Let’s see what the next week brings.
ANNOTATIONS
(1) Pubs remained open during the war because lifting a pint is a great morale booster. By the way, given a choice, I’d rather lift a pint in the UK than in the US because a pint in England is 20 ounces, where a pint in the US is only 16 ounces.
(2) Low levels of Calcium and Vitamin D meant children could quickly develop Rickets. To help with Vitamin C consumption, children were encouraged to spend loads of time in the sun. Clever families sent their children out to pick rose hips. When they returned, the treasured jewels were turned into rose hip syrup. A spoonful supplied approximately 64 mg of Vitamin C a day—children’s recommended dosage is between 15 -75mg/day, depending on age.
(3) Studies conducted in 1942 and 1944 by the Oxford Nutrition Study on child-bearing-aged women showed them deficient in Fe (iron), protein, Vitamin C, and Vitamin A. The Government supplied additional supplements to help improve this group of women’s diets.
(4) The UK Wartime Rationing Diet used a lot of margarine. I simply refused to go down that road. Instead, my oil choices were olive and avocado oil.
(5) After the war ended, food restrictions increased to include bread and potatoes. The UK economy was practically devastated by WW2, and it took time to rebuild. Some of my friends mentioned not eating a piece of chocolate until 1954.
(6) Some people gave up their egg ration for additional chicken feed.
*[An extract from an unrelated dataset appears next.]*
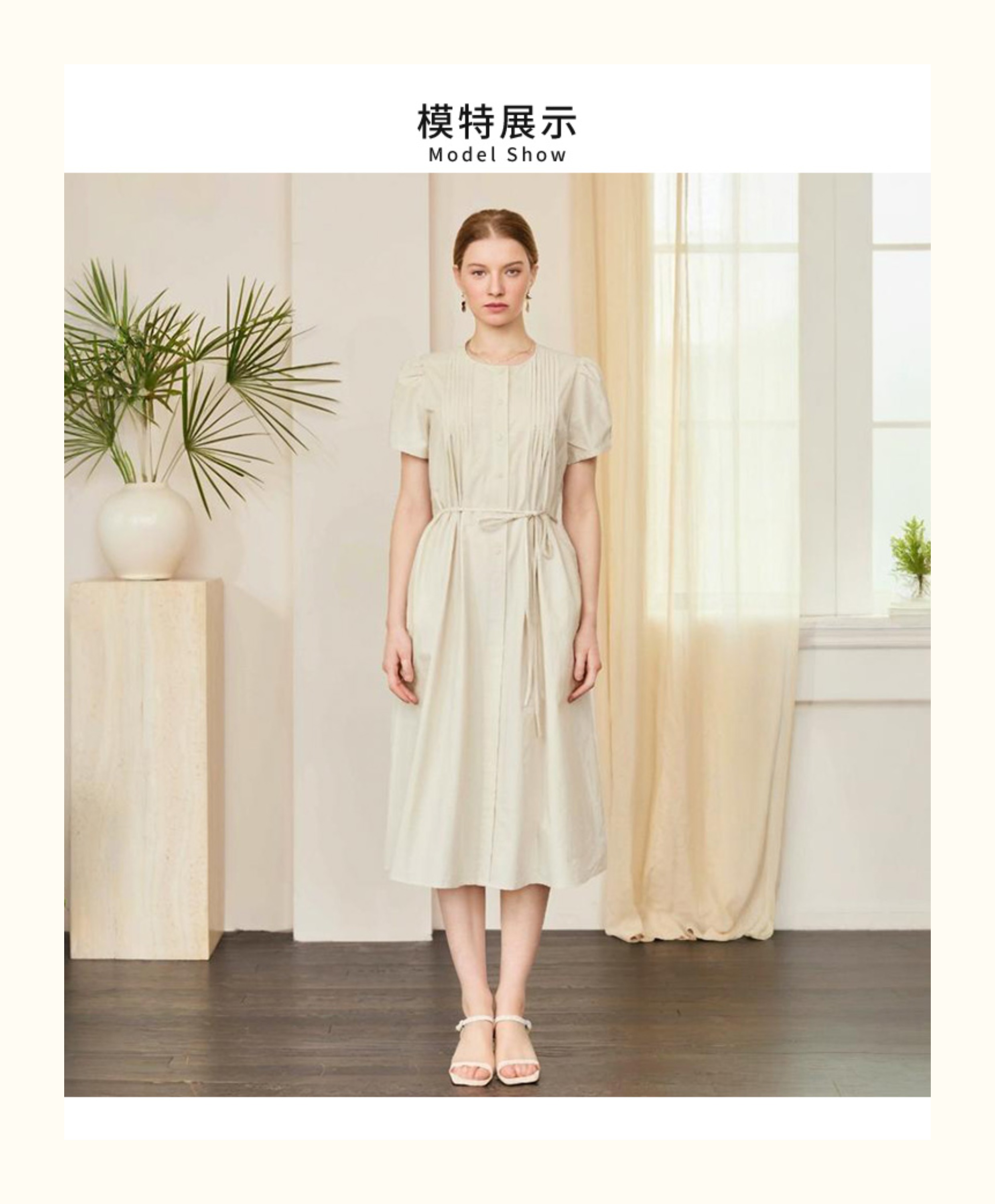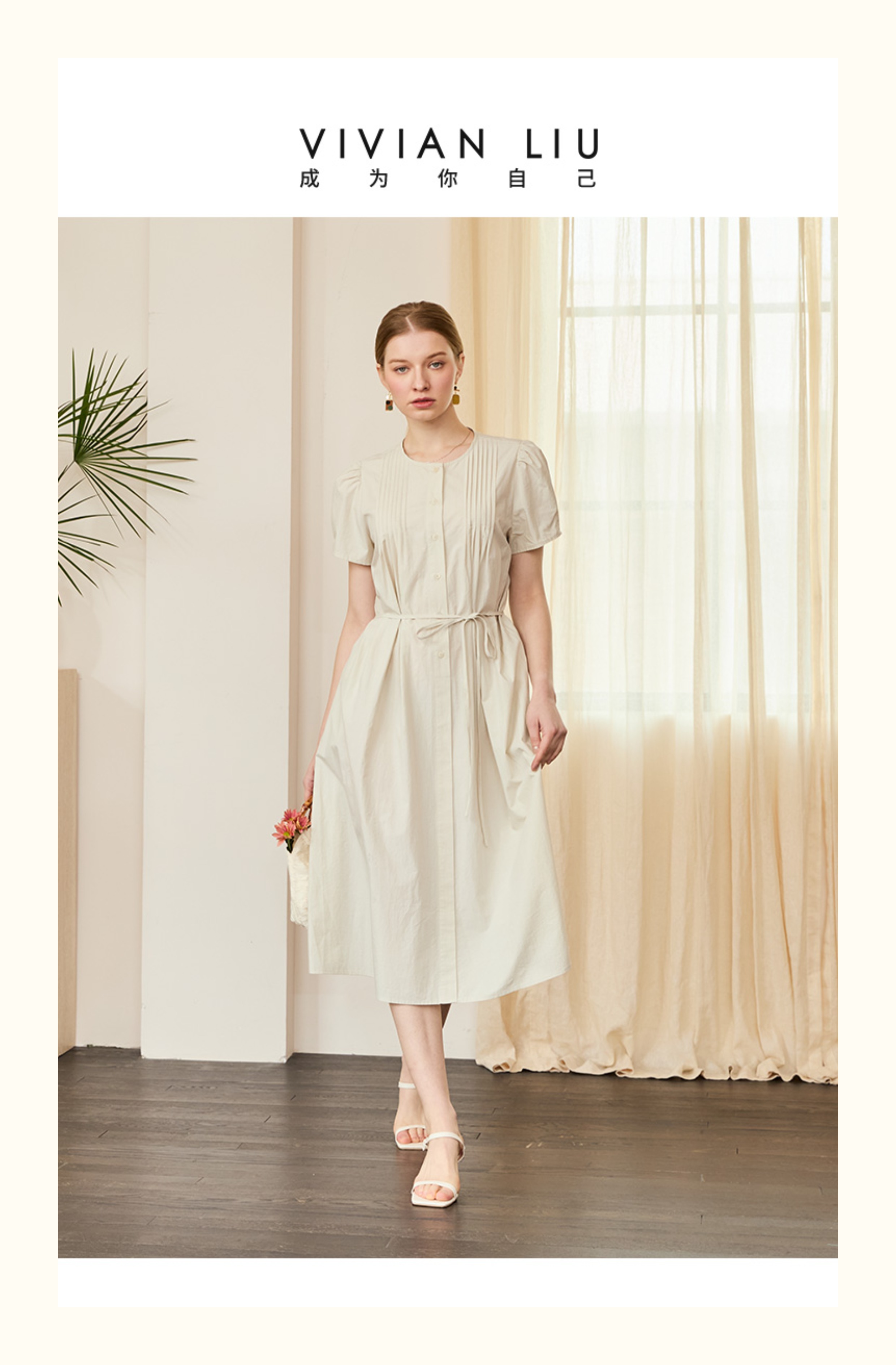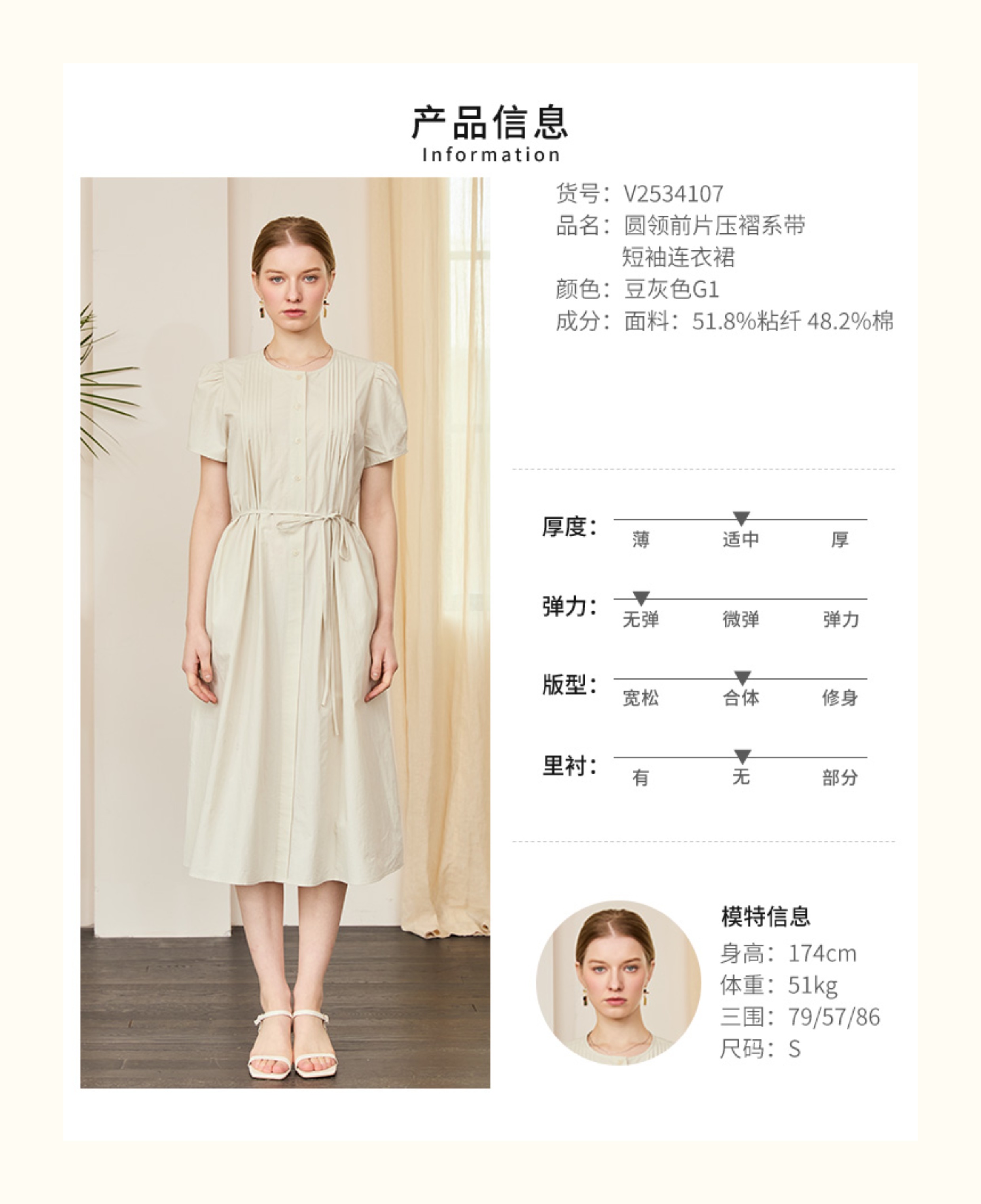 VIVIAN LIU V2534107 夏季女装圆领压褶系带系扣泡泡袖短袖连衣裙
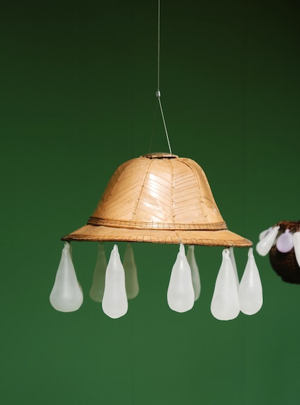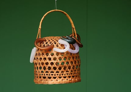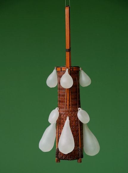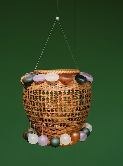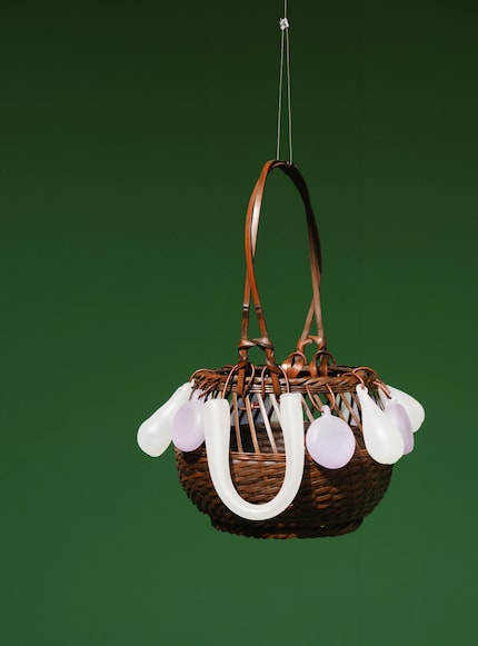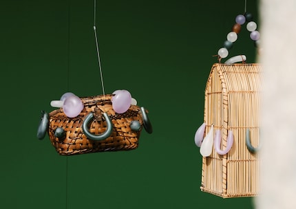 In her basket series «Hybrid Exhalations», artist Dima Srouji uses bamboo as a symbol of exchange and togetherness. The bamboo canes form a network that visualises air currents and represents breath as the source of life. With light, hand-blown glass objects, Dima creates delicate works that combine grass and glass in an impressive way.

Makes sense. No need to give me an egg when I have producers that give me EGGS!
RESOURCES
There are lots of resources concerning the UK Wartime Ration Diet and supplemental food programs. A simple search will bring up reams of information. Here are a few to start you on your way.
VIDEO: I Followed a World War 2 Ration Diet for 8 Days
The Wartime Kitchen’s National Loaf Recipe
British Geriatric Society: Wartime Rationing
Oxford Nutrition Survey on Pregnant Women During Rationing
Scientific American’s article: WII Sugar Rationing Gave Kids a Lifelong Health Boost
(7) The Irish were neutral in WW2. They called it “The Emergency.” The UK government wasn’t interested in them being neutral and restricted their access to food to get them to be more willing to help the Allies rather than be a tool of The Axis Powers. The Irish suffered terribly from starvation and economic devastation during the war. Listen to RTÉ’s Brainstorm Radio Podcast for a better idea about the Irish World War 2 experience: What Ireland Ate and Drank During WW2
GRATITUDE
A big thanks to David, Jill, Jane, Richard, Suzanne, and Mary Carolyn, who shared their knowledge, memories, and guidance. You helped me enormously. Thank you very much!









Sorry I am so late to the party!
How does one increase the vegetables with this diet - do we assume people had gardens or was there lots of produce available?
Didja lose any weight doing this for a week? ;-)
I need to ration myself. If only to empty my supply of beans and stuff in the freezer!
What an interesting read! And I am so impressed that you followed this ration diet - and enjoyed it. I think that points to how it was well thought out!